The results obtained through correlation coefficient statistical analysis for hypothesis testing to determine the degree of relationship among the variables indicated the significant positive correlation between the dependent variable of intention to use e-health and the independent variables of the research hypothesis (see Table 2). These findings corresponds with results from other published studies (Adebayo & Ofoegbu, 2014; Bergoeing, Loayza & Piguillem, 2010; Hoque, Mazmum & Bao, 2014; Qureshi et al., 2013), who stated that technical infrastructures, IT literacy and experience, as well as attitude, belief, and willingness of the healthcare professionals have significant influence on their intention to use the e-health technology applications.

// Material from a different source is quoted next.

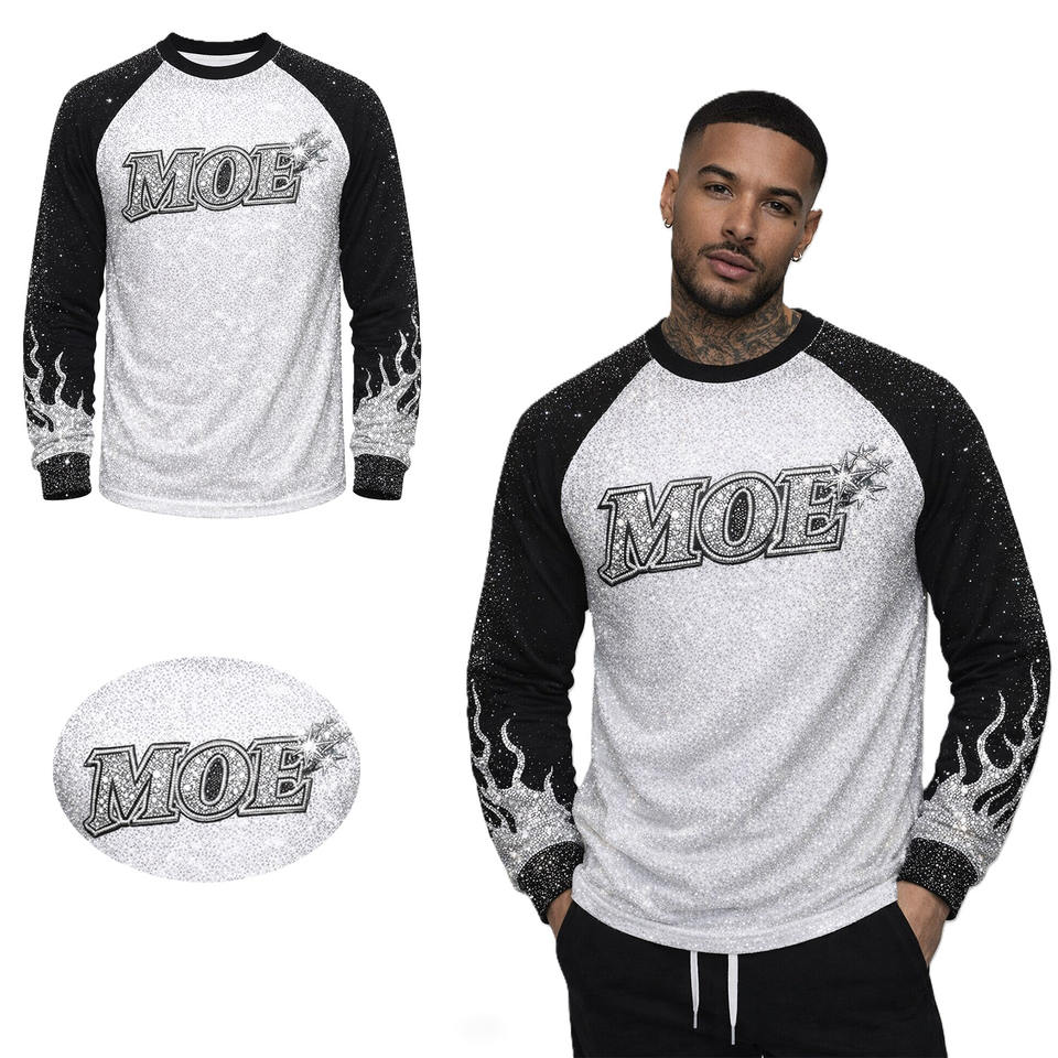 Camiseta de Manga Larga para Hombre, Personalizada con Pedrería, 100% Algodón, Tejido Transpirable, Fabricante OEM al por Mayor

Limitations and future research
Our study is limited by geographical scaling, having been conducted in one country and focused on 15 hospitals only. This is owing mainly to shortage of funds, as grants for research are not easily accessible or readily obtainable. Therefore, there is room for making its scope wider and its findings more reliable and generalized if more countries and additional hospitals are visited and examined. However, based on the related literature reviewed, we were able to identify and study the situation in other countries. We suggest that future researchers would fill in whatever yawning gap that is perceived between our current findings and what vistas remained to be uncovered.
Another limitation is that the study is cross sectional, which is considered fast, simple, and less expensive to perform. However, a cross sectional study could be biased, where participants who took part in the study failed to represent the views of the whole population, affecting consequently, the generalizibility of the research findings. This is because it is based on a questionnaire survey, and participants are interviewed only once (Sedgwick, 2014). Hence, future study should consider adopting a longitudinal approach, where participants are interviewed severally over a period of time.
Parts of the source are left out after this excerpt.